Department of Family Medicine, Morehouse School of Medicine, Atlanta, GA.
Department of Pediatrics, Emory University School of Medicine, Atlanta, GA.
Blood Adv. 2023 Nov 14;7(21):6751-6761. doi: 10.1182/bloodadvances.2022009643.

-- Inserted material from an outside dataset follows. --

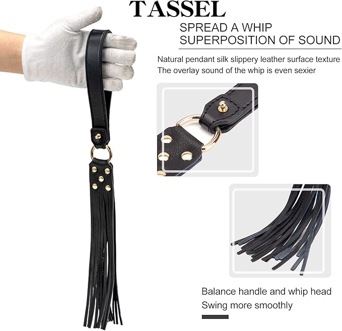 Sensory Play: Transition seamlessly from light deprivation with the mask to the rhythmic “superposition of sound” from the tassel whip.

Children with sickle cell disease (SCD) are at increased risk of invasive pneumococcal disease (IPD). Over 25 years, the Georgia Emerging Infections Program/Centers for Disease Control and Prevention Active Bacterial Core Surveillance network identified 104 IPD episodes among 3707 children with hemoglobin SS (HbSS) or HbSC aged <10 years, representing 6% of IPD in Black or African American children residing in Metropolitan Atlanta (reference population). Children with IPD and HbSS/SC were older than those with IPD in the reference population (P < .001). From 1994-1999 to 2010-2018, IPD declined by 87% in children with HbSS aged 0 to 4 years, and by 80% in those aged 5 to 9 years. However, IPD incidence rate ratios when comparing children with SCD with the reference population increased from 20.2 to 29.2 over these periods. Among children with HbSS and IPD, death declined from 14% to 3% after 2002, and meningitis declined from 16% to 8%. Penicillin resistance was more prevalent in children with SCD before 7-valent pneumococcal conjugate vaccine (PCV7) licensure. After 2010, all IPD serotypes were not included in the 13-valent PCV (PCV13). Within 3 years of vaccination, the effectiveness of the 23-valent pneumococcal polysaccharide vaccine (PPSV23) against non-PCV13 serotypes included in PPSV23 plus 15A/15C was 92% (95% confidence interval, 40.8- 99.0, P = .014; indirect-cohort effect adjusted for age and hydroxyurea). PPSV23 would cover 62% of non-PCV13 serotype IPD in children with SCD, whereas PCV15, PCV20, and PCV21/V116 (in development) could cover 16%, 51%, and 92%, respectively. Although less frequent, IPD remains a life-threatening risk in children with SCD. Effective vaccines with broader coverage could benefit these children.
患有镰状细胞病 (SCD) 的儿童罹患侵袭性肺炎球菌病 (IPD) 的风险增加。在过去 25 年中,佐治亚州新兴传染病项目/疾病控制和预防中心主动细菌核心监测网络在居住在亚特兰大都会区的 3707 名年龄小于 10 岁的血红蛋白 SS (HbSS) 或 HbSC 儿童中确定了 104 例 IPD 发作,占黑人和非裔美国儿童中 IPD 的 6%(参考人群)。患有 IPD 和 HbSS/SC 的儿童比参考人群中的 IPD 儿童年龄大(P<.001)。从 1994-1999 年到 2010-2018 年,0 至 4 岁 HbSS 儿童的 IPD 下降了 87%,5 至 9 岁儿童的 IPD 下降了 80%。然而,在此期间,比较 SCD 儿童与参考人群的 IPD 发病率比值从 20.2 增加到 29.2。在患有 HbSS 和 IPD 的儿童中,2002 年后死亡率从 14%降至 3%,脑膜炎从 16%降至 8%。在 7 价肺炎球菌结合疫苗 (PCV7) 获得许可之前,患有 SCD 的儿童中青霉素耐药性更为普遍。2010 年后,所有 IPD 血清型均未包含在 13 价肺炎球菌多糖疫苗 (PCV13) 中。接种疫苗后 3 年内,23 价肺炎球菌多糖疫苗 (PPSV23) 对 PPSV23 加 15A/15C 中包含的非 PCV13 血清型的有效性为 92%(95%置信区间,40.8-99.0,P=.014;间接队列效应调整了年龄和羟基脲)。PPSV23 将覆盖患有 SCD 的儿童中 62%的非 PCV13 血清型 IPD,而 PCV15、PCV20 和 PCV21/V116(正在开发中)可分别覆盖 16%、51%和 92%。尽管不太常见,但 IPD 仍然是患有 SCD 的儿童的致命风险。具有更广泛覆盖范围的有效疫苗可能使这些儿童受益。